PAPERLESS_WEBSERVER_WORKERS=<num>
    The number of worker processes the webserver should spawn. More worker processes
    usually result in the front end to load data much quicker. However, each worker process
    also loads the entire application into memory separately, so increasing this value
    will increase RAM usage.

    Defaults to 1.

PAPERLESS_PORT=<port>
    The port number the webserver will listen on inside the container. There are
    special setups where you may need this to avoid collisions with other
    services (like using podman with multiple containers in one pod).

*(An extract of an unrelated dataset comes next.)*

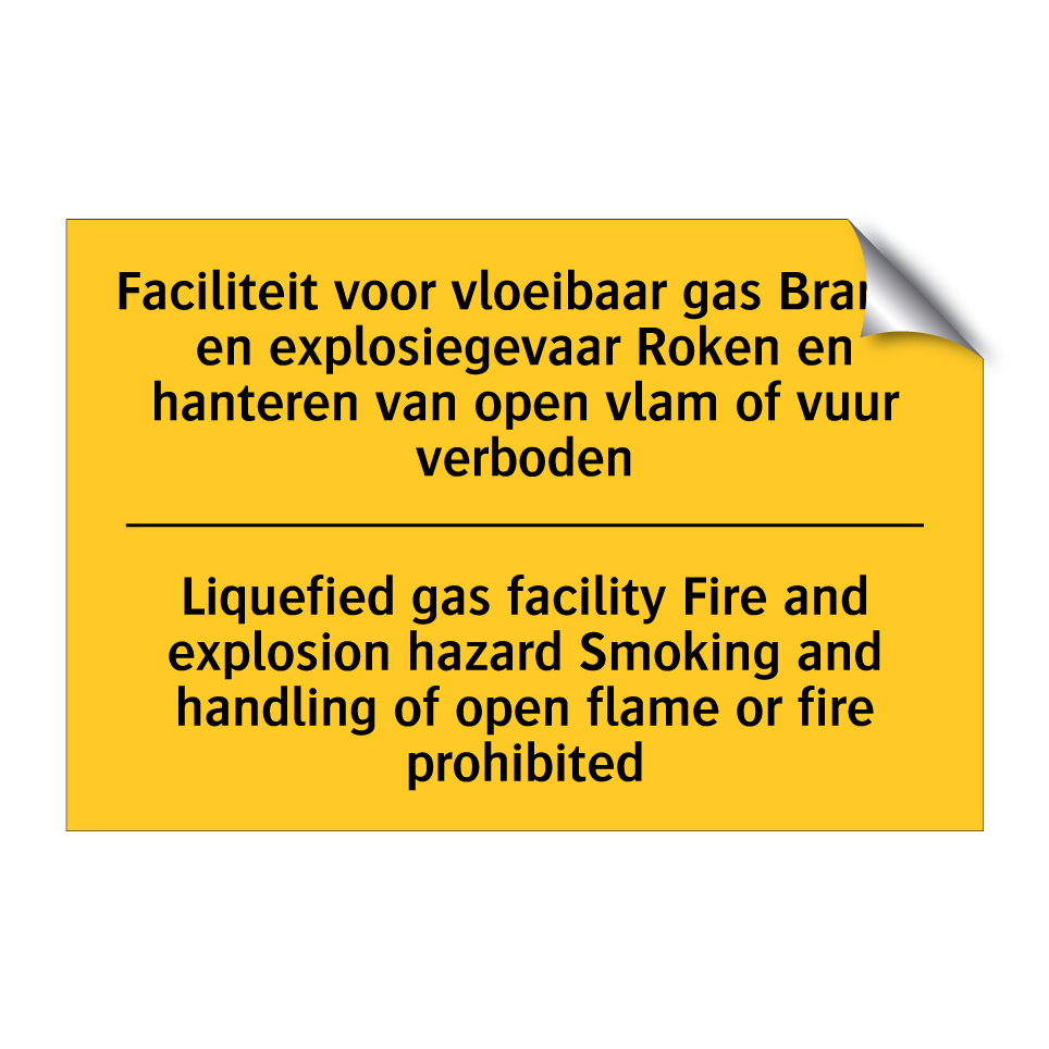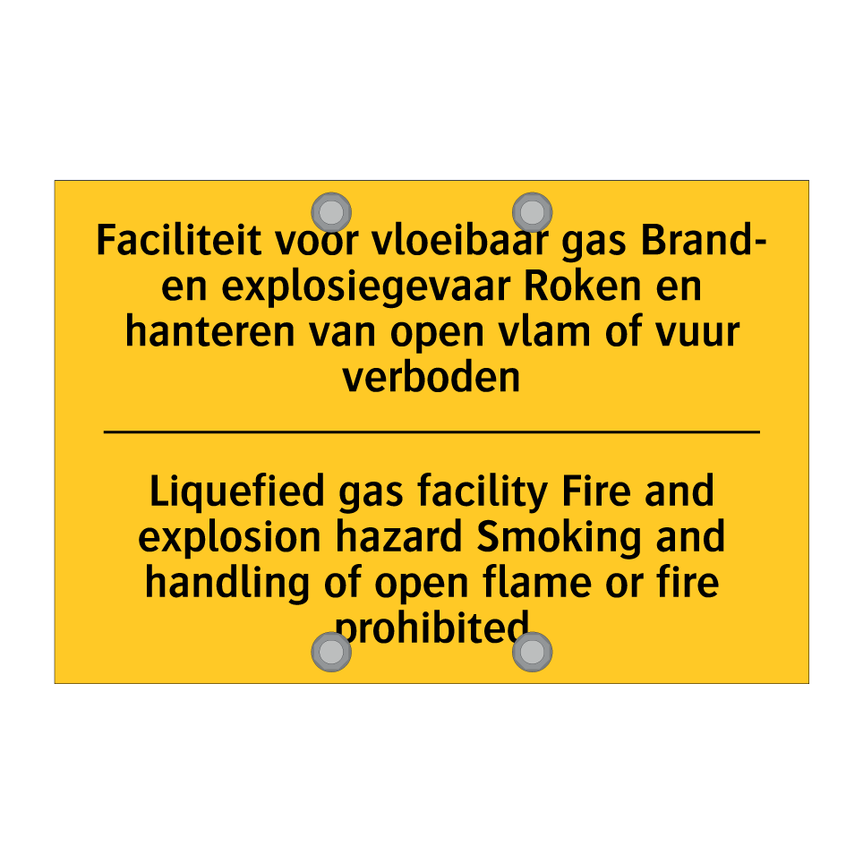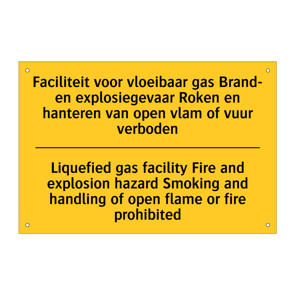 Waarschuwingsbord met de tekst Faciliteit voor vloeibaar gas Brand- en explosiegevaar Roken en hanteren van open vlam of vuur verboden / Liquefied gas facility Fire and explosion hazard Smoking and handling of open flame or fire prohibited

    Don't change this when using Docker. To change the port the webserver is
    reachable outside of the container, instead refer to the "ports" key in
    ``docker-compose.yml``.

    Defaults to 8000.

USERMAP_UID=<uid>
    The ID of the paperless user in the container. Set this to your actual user ID on the
    host system, which you can get by executing

    .. code:: shell-session

        $ id -u

    Paperless will change ownership on its folders to this user, so you need to get this right
    in order to be able to write to the consumption directory.

    Defaults to 1000.

USERMAP_GID=<gid>
    The ID of the paperless Group in the container. Set this to your actual group ID on the
    host system, which you can get by executing

    .. code:: shell-session

        $ id -g

    Paperless will change ownership on its folders to this group, so you need to get this right
    in order to be able to write to the consumption directory.

    Defaults to 1000.

PAPERLESS_OCR_LANGUAGES=<list>
    Additional OCR languages to install. By default, paperless comes with
    English, German, Italian, Spanish and French. If your language is not in this list, install
    additional languages with this configuration option:

    .. code:: bash

        PAPERLESS_OCR_LANGUAGES=tur ces

    To actually use these languages, also set the default OCR language of paperless:

    .. code:: bash

        PAPERLESS_OCR_LANGUAGE=tur

    Defaults to none, which does not install any additional languages.


.. _configuration-update-checking:

Update Checking
###############

PAPERLESS_ENABLE_UPDATE_CHECK=<bool>
    Enable (or disable) the automatic check for available updates. This feature is disabled
    by default but if it is not explicitly set Paperless-ngx will show a message about this.

    If enabled, the feature works by pinging the the Github API for the latest release e.g.
    https://api.github.com/repos/paperless-ngx/paperless-ngx/releases/latest
    to determine whether a new version is available.

    Actual updating of the app must still be performed manually.

    Note that for users of thirdy-party containers e.g. linuxserver.io this notification
    may be 'ahead' of a new release from the third-party maintainers.

    In either case, no tracking data is collected by the app in any way.

    Defaults to none, which disables the feature.